FEW freedom fighters have captured public attention like Bhagat Singh has.

Let us understand Bhagat Singh

Students dressed up as Bhagat Singh on the eve of his Martyrdom Day. Revolutionaries have been reduced to being “men with bombs and guns” in the popular imagination.



Karthik Venkatesh

FEW freedom fighters have captured public attention like Bhagat Singh has. He, along with his comrades Sukhdev and Rajguru, was hanged to death by the colonial regime on March 23, 1931. It is a day associated with martyrdom in popular imagination and tinged with wistfulness for what might have been had the 22-year-old Bhagat Singh, wise beyond his years, lived. Bhagat Singh was born in a family steeped in the nationalist cause.
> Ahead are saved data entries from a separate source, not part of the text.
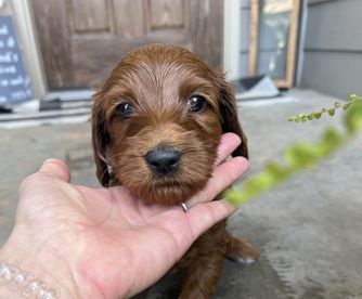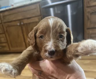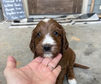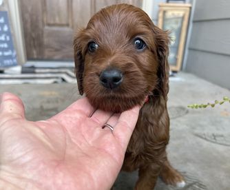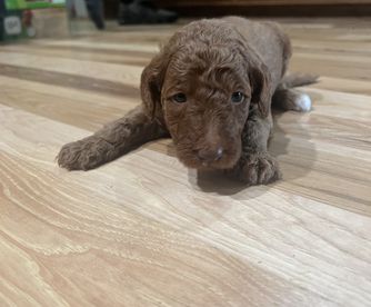 Molasses is a female Irish Doodle over 6 years old. Carefully selected as a great representative of her breed, Megan decided to make her part of their program. Megan has passed Good Dog’s screening process, which involved a review of their breeding practices, environment, and the mental and physical health of their dogs.
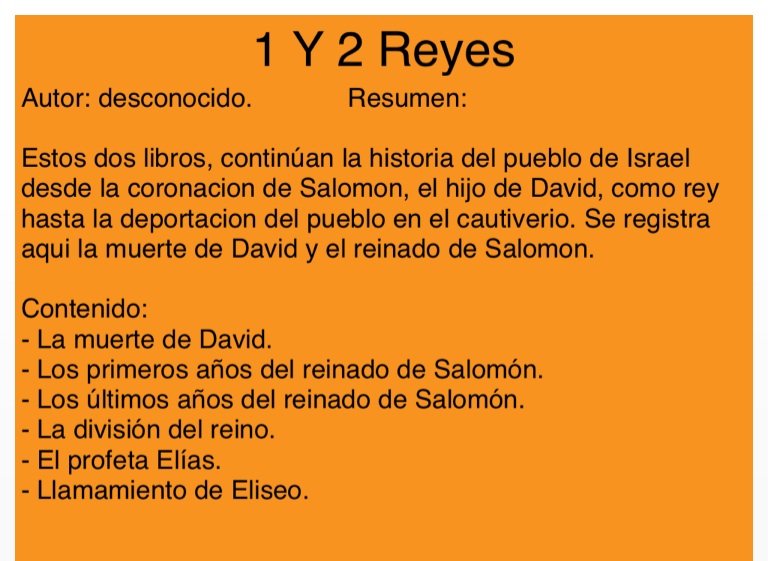 Estos dos libros, continúan la historia del pueblo de Israel desde la coronacion de Salomon, el hijo de David, como rey hasta la deportacion del pueblo en el cautiverio. Se registra aqui la muerte de David y el reinado de Salomon.
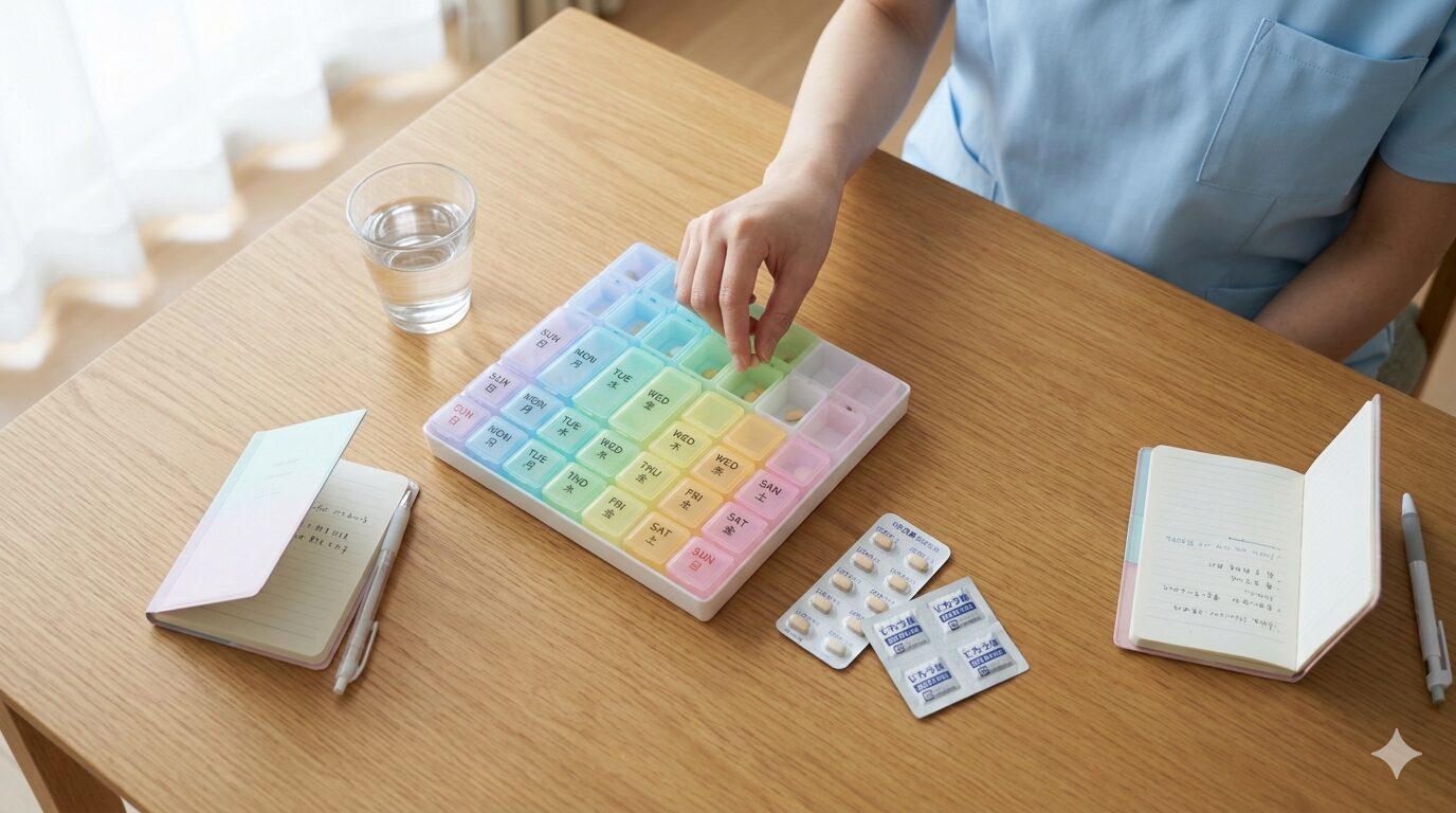 Q. 訪問看護師は薬をセットしてくれますか? A. はい、訪問看護師はお薬カレンダーや服薬ケースへの薬のセットを行うことができます。「服薬ができているか確認する」だけなら訪問介護でも対応できますが、薬のセットや服薬による体調変化の観察は看護師の専門的な支援が必要です。利用者様の状態に合わせてサポート内容を調整します。

His father, Kishan Singh and his uncles, Swaran Singh and Ajit Singh, had been to prison for opposing the Colonisation Bill that imposed unfair charges on farmers and settlers in Punjab’s newly developed canal colonies. Given the family's political involvement, Bhagat Singh grew up in an atmosphere of political discussion and dissent. He grew up idolising Kartar Singh Sarabha, one of Punjab's early martyrs. Sarabha was executed for his role in the Ghadar rebellion, which was an attempt to radicalise soldiers of the British Indian army to rebel against British rule.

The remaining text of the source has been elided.